Нивельзин был совершенно согласен с мнением Волгина, что «это удивительно». Он удалил из Петербурга человека, который был незаменим для него, — обманывал жену, которая интересовалась этим человеком только по заботливости о муже, подрывающем свое здоровье чрезмерною работою, — жену, которую безгранично уважал, — отправлял письма с фальшивым адресом, чтобы продлить обман. — Что же заставило его делать так?
— Эх, Павел Михайлыч! — Волгин покачал головою. — Мало вы знаете человеческие слабости; — например, до чего может доводить человека самолюбие. — Волгин вздохнул. — Конечно, совестно признаваться, — да нечего делать.
— Вы хотите сказать, что удаляли от литературы соперника по таланту?
— Видите, вы не совсем удачно выразились. Литературного таланта у меня нет. Я пишу плохо. Длинно, часто безжизненно. Десятки людей у нас умеют писать гораздо лучше меня. Мое единственное достоинство — но важное, важнее всякого мастерства писать — состоит в том, что я правильнее других понимаю вещи. — А у него, кроме этого достоинства, есть и талант. Огромный.
— Вы увлеклись авторским самолюбием, — как верить, после того, что вы сейчас сказали? — Какое самолюбие в вас?
— Ну, не самолюбие, то зависть, — как там это назвать, все равно; вещь непонятная, — с флегматическим цинизмом отвечал Волгин. — Впрочем, само собою, это только сущность дела, а оболочка на нем, натурально, хорошая: что же я за дурак, в самом деле, чтобы не найти благовидного предлога? — Вы знаете, начинать писать рано — значит, истощать свой талант. Опять же: писать и учиться — одно с другим плохо уживается.
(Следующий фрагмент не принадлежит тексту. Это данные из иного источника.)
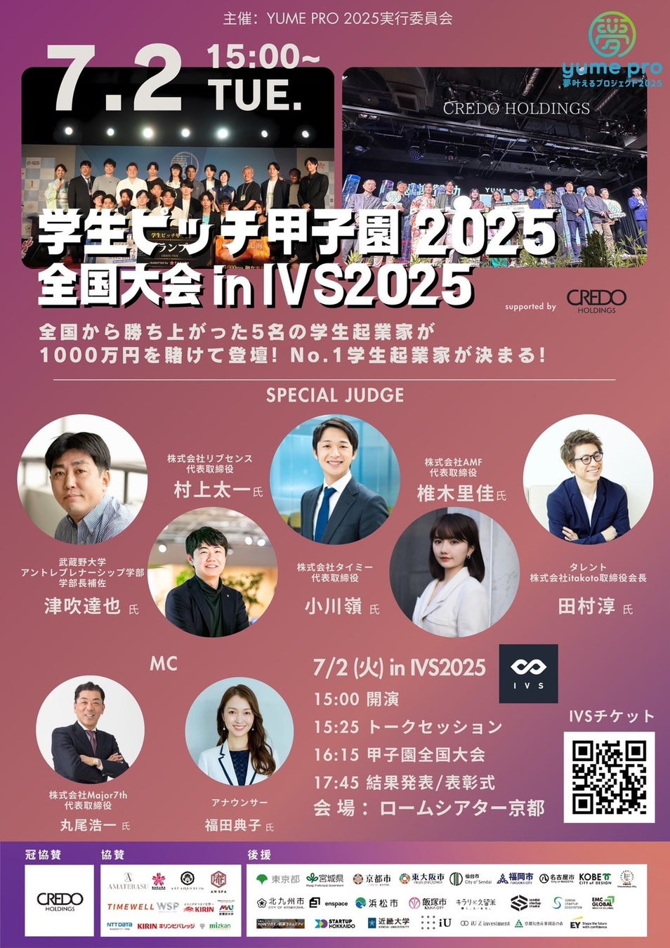 全国の学生起業家が集い、未来のビジネスリーダーを目指す登竜門「学生ピッチ甲子園2025」の決勝大会が、2025年7月2日(水)、日本最大級のスタートアップカンファレンス「IVS2025 KYOTO」にて開催されることが決定しました。

Готовься, готовься! — Руссо готовился сорок лет, потому и мог сказать что-нибудь свое, глубоко обдуманное, дельное. — А возьмите вы Дидро, Вольтера; может быть, были и не глупее Руссо, — но принялись строчить, когда еще борода не росла, — и прекрасно строчили, — только своей мысли ровно ни одной. — Левицкому только двадцать один год.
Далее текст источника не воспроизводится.